Good to Great, the title of James Collins's famous business book, might well serve as a motto for the Suliman S. Olayan School of Business's Executive Education Program, which is designed to help firms and their leaders break through plateaus, expedite organizational growth, and sustain their leadership.
Since its inception, the Executive Education Program has come to count some of the region's largest businesses as clients, such as Bank Audi, Hikma Pharmaceuticals, Janssen, Aramex, the National Bank of Kuwait, NBK Capital, and PACE, to name a few. “The region has a continuously growing desire for [executive education], and we're spending a lot of time developing and delivering on that front," says OSB Dean Steve Harvey.
Most executives are sent by the companies they work for—from Lebanon, Kuwait, Qatar—and stay in nearby hotels on weekends for courses that can last anywhere from a few weeks to a year. “We work with large organizations as well as family businesses who want to train the next generation of entrepreneurs," Director of Executive Education Programs Fida Kanaan says.
Though instructors often tailor curricula to suit the needs of specific companies, there are common threads in all the programs.
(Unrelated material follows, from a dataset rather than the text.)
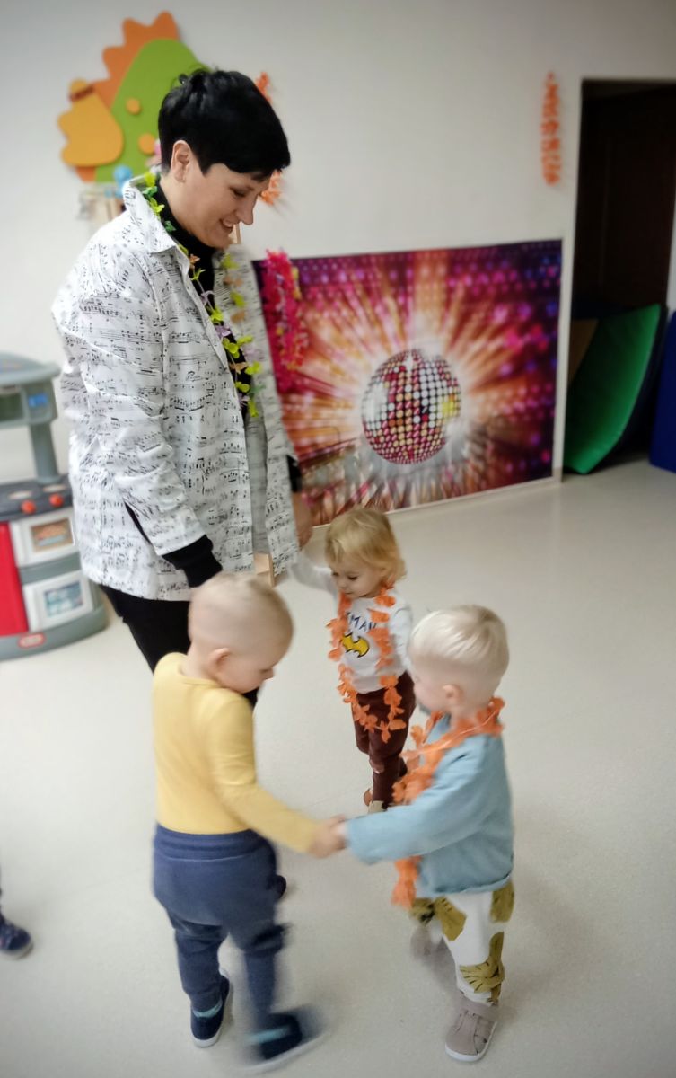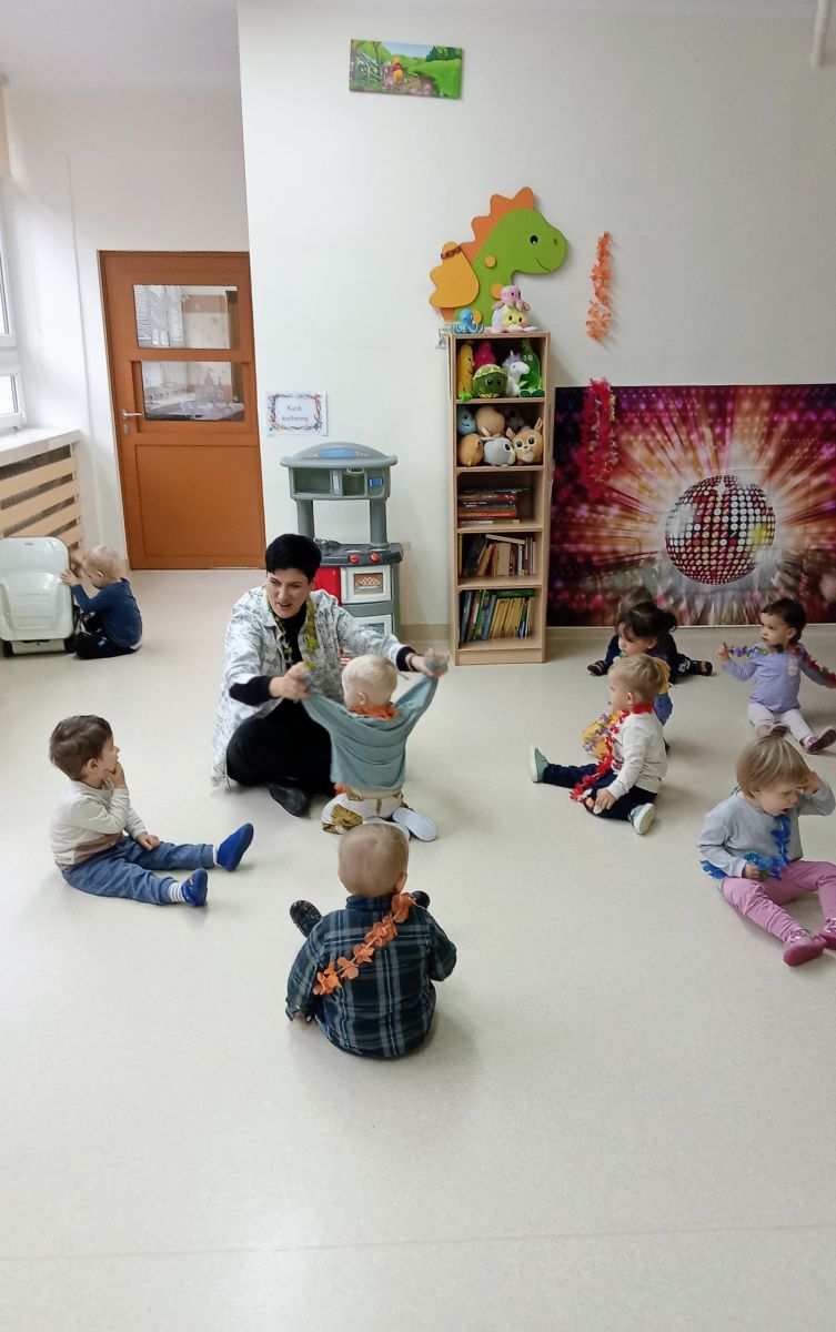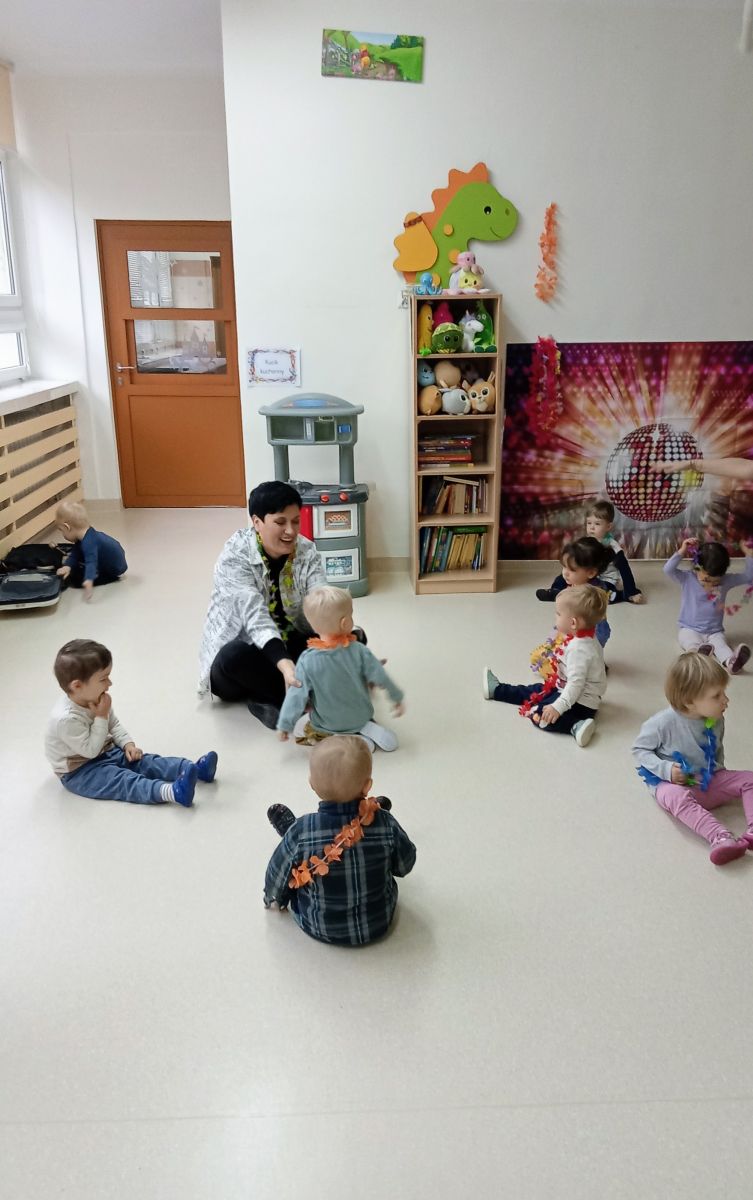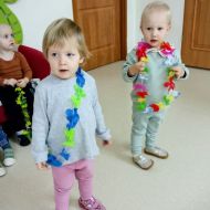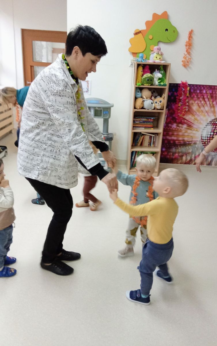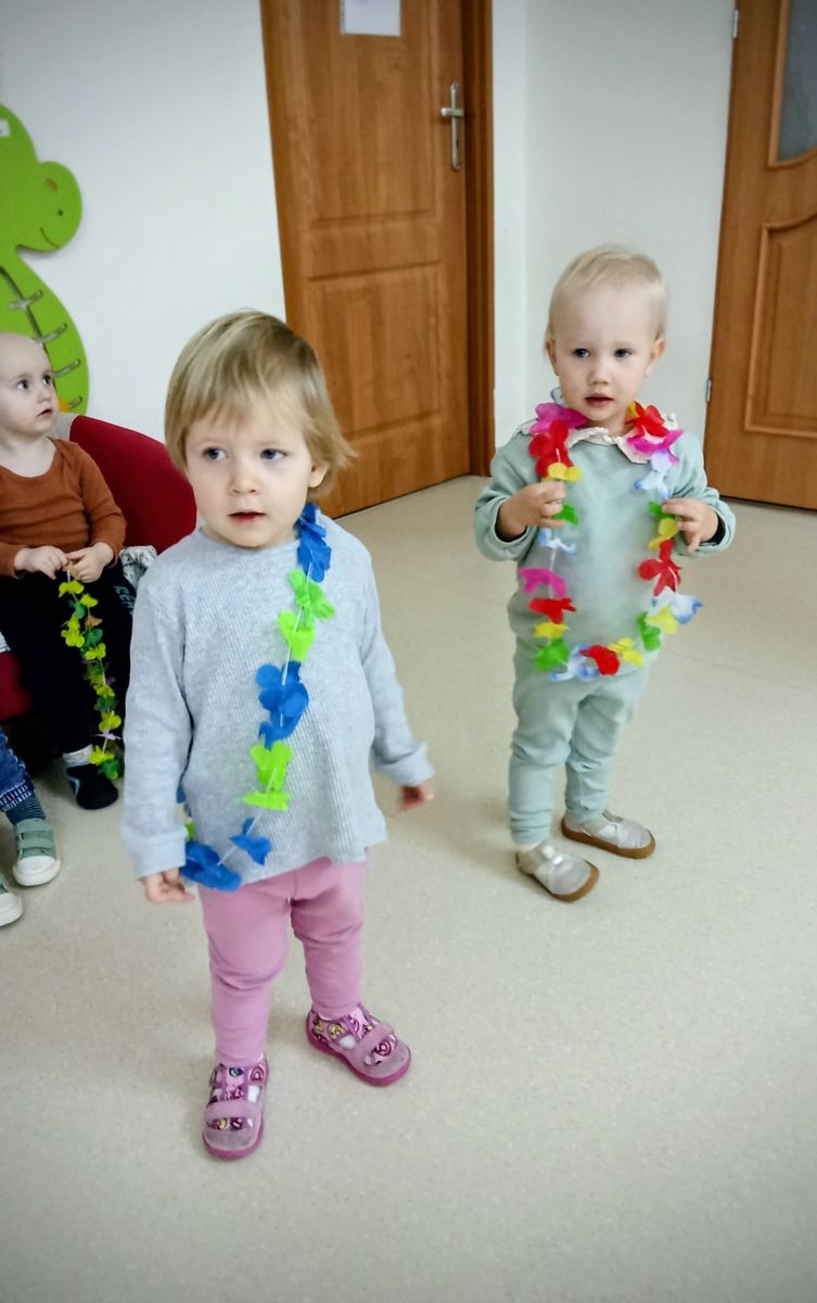 W andrzejkową rytmikę dzieci bawiły się w rytmie skocznych, wesołych piosenek. Na początek wszyscy ruszyli w taniec hawajski - machając łańcuchami z kolorowych kwiatów.

Every student is a manager of some kind. Most are in their late thirties or early forties. There is a focus on people skills and leadership development and instructors draw lessons from the latest trends in industry. “Our programs are aimed at mature management groups and focus on practical examples and real time issues, in addition to serving a networking function," Harvey says. One former student, Rana H. Karaki, head of customer relations and sales management at Bank Audi, recalled a harrowing yet immensely beneficial assignment that had her ask her manager, a direct report, a colleague, a friend, and a family member for feedback on her personal strengths and weaknesses. “It was tough," Karaki says. She put the answers in a time capsule with a self-addressed letter and returned to them two years later. “Some things I improved on, others I didn't."
The program's future, according to Kanaan, can be summed up by the acronym RADICAL: Resilient, Agile, Daring, Impactful, Committed to Good, Anchored in the Community, and not lacking Legacy. As the program develops, she hopes to keep engaging with mid-level and senior managers, as well as CEOs, and to collaborate with other business schools to expand the program's reach and offerings.
Karaki still waxes praiseful about her year-long course at OSB. “It was super enriching dealing with other team members at the bank," she says. “I learned how people in different departments operate and I learned how to talk to them." And what was her most critical takeaway from it all? “To empathize."